Below are the records; reproduce all of them exactly but without any images.
++++
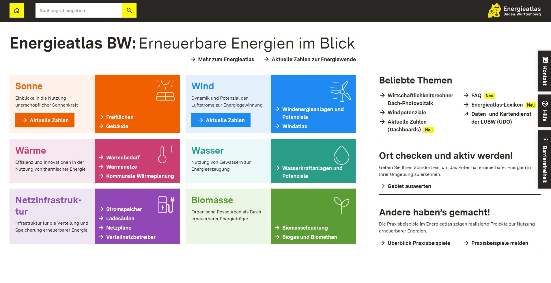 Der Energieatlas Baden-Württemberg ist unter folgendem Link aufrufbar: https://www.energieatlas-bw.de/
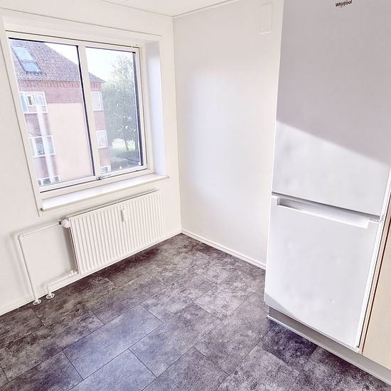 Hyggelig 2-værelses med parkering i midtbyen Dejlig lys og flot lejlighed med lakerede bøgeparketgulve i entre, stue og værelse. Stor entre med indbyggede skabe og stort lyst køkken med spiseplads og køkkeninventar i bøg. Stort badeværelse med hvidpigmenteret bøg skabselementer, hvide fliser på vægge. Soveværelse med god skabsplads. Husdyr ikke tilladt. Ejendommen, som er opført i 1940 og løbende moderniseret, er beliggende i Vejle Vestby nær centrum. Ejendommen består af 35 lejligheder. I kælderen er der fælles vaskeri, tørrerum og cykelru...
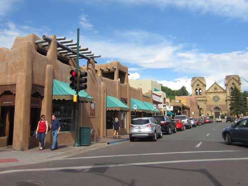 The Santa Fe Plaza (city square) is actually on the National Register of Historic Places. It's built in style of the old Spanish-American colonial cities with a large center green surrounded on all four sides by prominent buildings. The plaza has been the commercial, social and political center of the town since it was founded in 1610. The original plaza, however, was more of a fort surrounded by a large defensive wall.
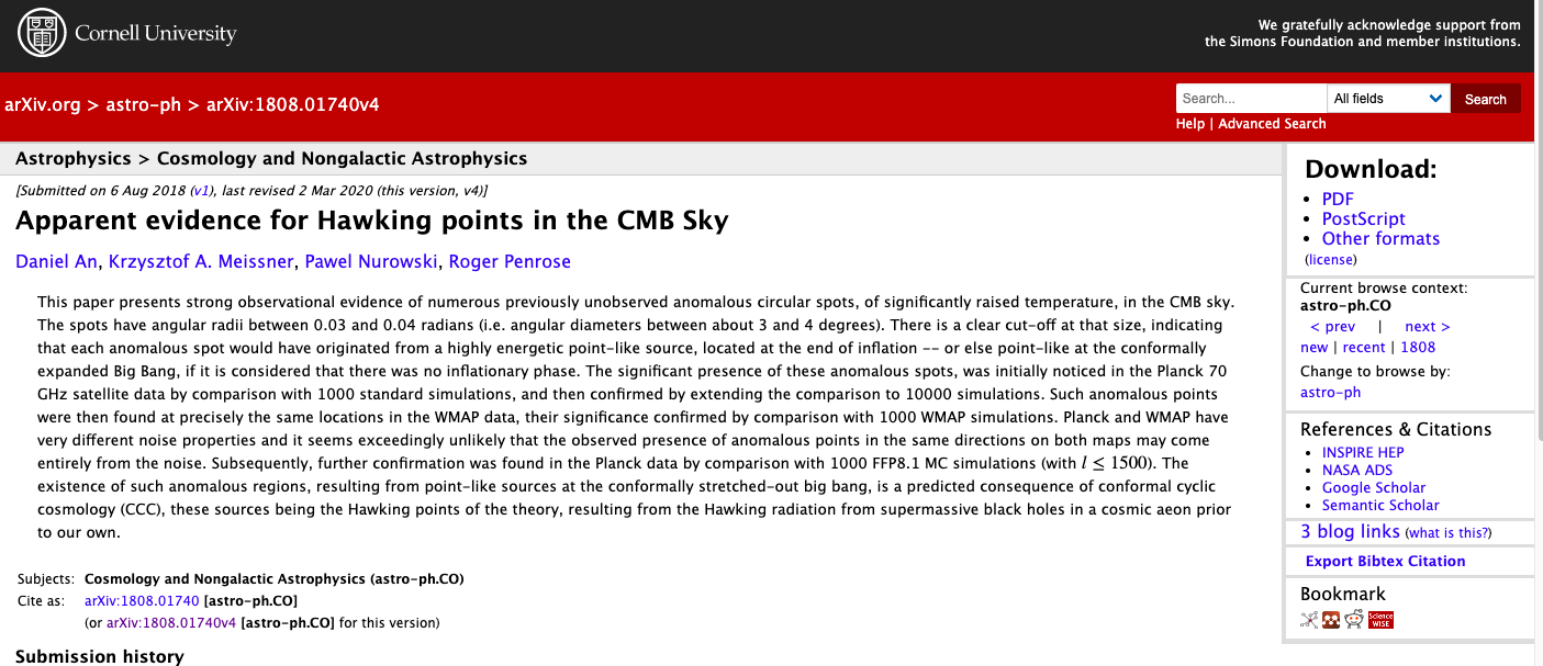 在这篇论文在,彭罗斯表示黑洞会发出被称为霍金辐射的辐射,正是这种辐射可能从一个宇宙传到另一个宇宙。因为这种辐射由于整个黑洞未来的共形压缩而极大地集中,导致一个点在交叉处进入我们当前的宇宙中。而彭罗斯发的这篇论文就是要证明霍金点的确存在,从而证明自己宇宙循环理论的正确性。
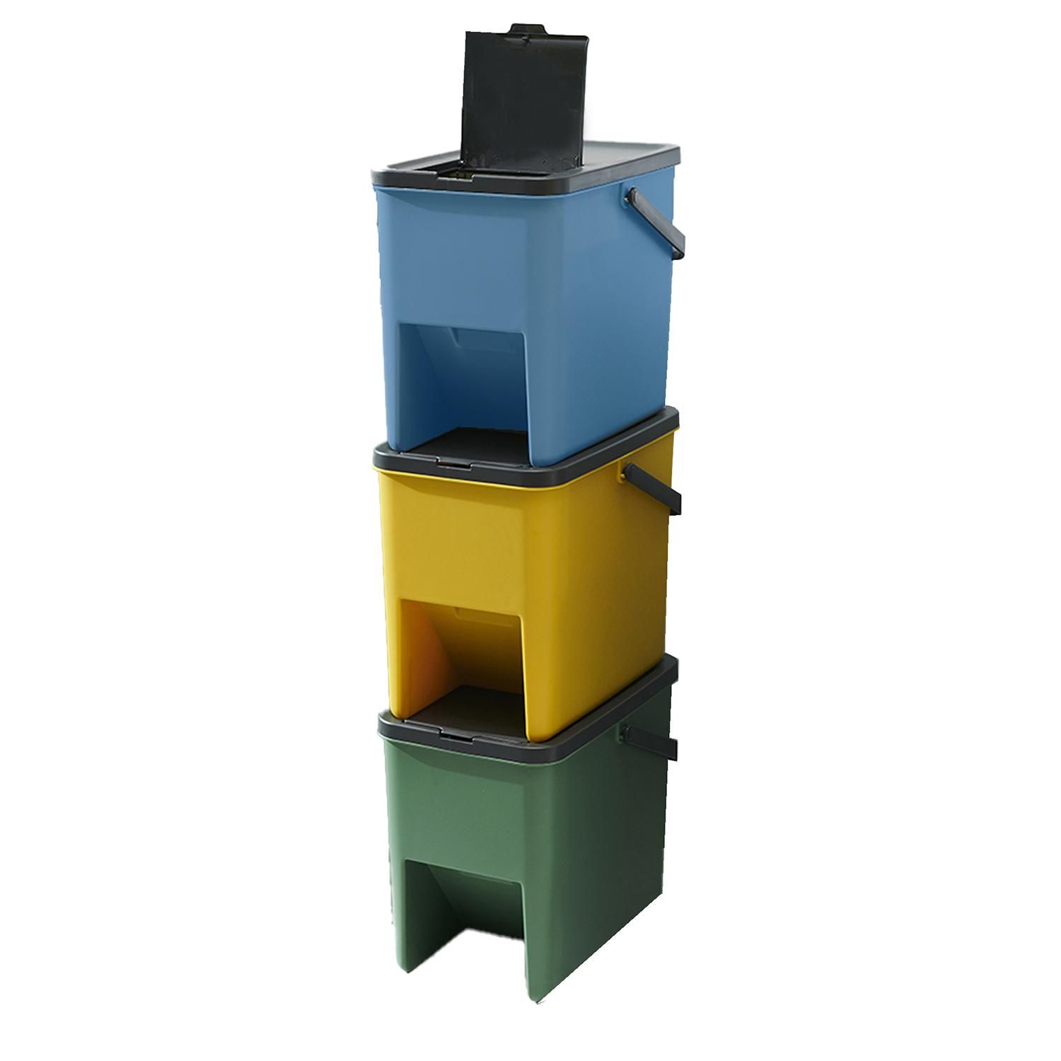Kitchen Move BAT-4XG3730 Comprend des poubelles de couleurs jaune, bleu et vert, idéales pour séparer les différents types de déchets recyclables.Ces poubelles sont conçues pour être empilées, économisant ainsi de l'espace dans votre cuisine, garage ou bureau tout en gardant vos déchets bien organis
++++
## REPLY
 Der Energieatlas Baden-Württemberg ist unter folgendem Link aufrufbar: https://www.energieatlas-bw.de/
 Hyggelig 2-værelses med parkering i midtbyen Dejlig lys og flot lejlighed med lakerede bøgeparketgulve i entre, stue og værelse. Stor entre med indbyggede skabe og stort lyst køkken med spiseplads og køkkeninventar i bøg. Stort badeværelse med hvidpigmenteret bøg skabselementer, hvide fliser på vægge. Soveværelse med god skabsplads. Husdyr ikke tilladt. Ejendommen, som er opført i 1940 og løbende moderniseret, er beliggende i Vejle Vestby nær centrum. Ejendommen består af 35 lejligheder. I kælderen er der fælles vaskeri, tørrerum og cykelru...
 The Santa Fe Plaza (city square) is actually on the National Register of Historic Places. It's built in style of the old Spanish-American colonial cities with a large center green surrounded on all four sides by prominent buildings. The plaza has been the commercial, social and political center of the town since it was founded in 1610. The original plaza, however, was more of a fort surrounded by a large defensive wall.
 在这篇论文在,彭罗斯表示黑洞会发出被称为霍金辐射的辐射,正是这种辐射可能从一个宇宙传到另一个宇宙。因为这种辐射由于整个黑洞未来的共形压缩而极大地集中,导致一个点在交叉处进入我们当前的宇宙中。而彭罗斯发的这篇论文就是要证明霍金点的确存在,从而证明自己宇宙循环理论的正确性。
Kitchen Move BAT-4XG3730 Comprend des poubelles de couleurs jaune, bleu et vert, idéales pour séparer les différents types de déchets recyclables.Ces poubelles sont conçues pour être empilées, économisant ainsi de l'espace dans votre cuisine, garage ou bureau tout en gardant vos déchets bien organis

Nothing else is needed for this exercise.